I realize this is an old thread but I have a pair of Cartels that also had the forward lean bust through the foam. I don't have my receipt so Burton won't replace the highback. Any ideas on where/how to buy one cheap to replace myself?


----------



## Snow Hound (Jul 21, 2012)

zanderc13 said:


> I realize this is an old thread but I have a pair of Cartels that also had the forward lean bust through the foam. I don't have my receipt so Burton won't replace the highback. Any ideas on where/how to buy one cheap to replace myself?


Don't know where you are but:

https://www.fixmybinding.com


----------



## zanderc13 (Nov 11, 2017)

In the UK but thanks man. Will give this a try.


----------



## Snow Hound (Jul 21, 2012)

zanderc13 said:


> In the UK but thanks man. Will give this a try.

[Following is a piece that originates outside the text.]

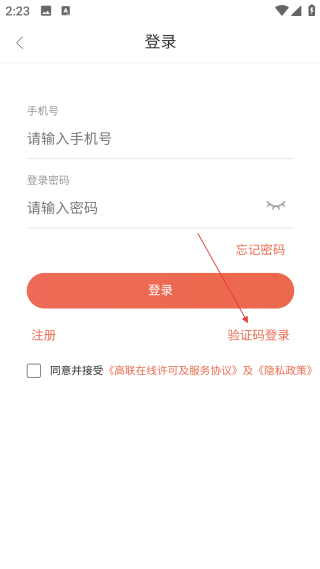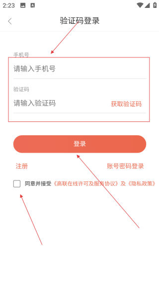 4、在填写页面,输入【信息并勾选协议】后,点击【登录】按钮,就能完成账号登录操作。

Me too. Nothing quite like it over here. Have you tried contacting Burton Europe direct? Their customer services is second to none.


----------



## zanderc13 (Nov 11, 2017)

Just gave them a call and they said to put a request through their website. We'll see how it goes. Thanks again!


----------



## Jonny C (Mar 16, 2017)

I have a pair of 2013 Burton Cartels that I'm still using with no issues whatsoever. I already rode more than 70 days on them. I had to replace the plastic straps but that's about it.
If you buy used bindings, they may have been already damaged.


----------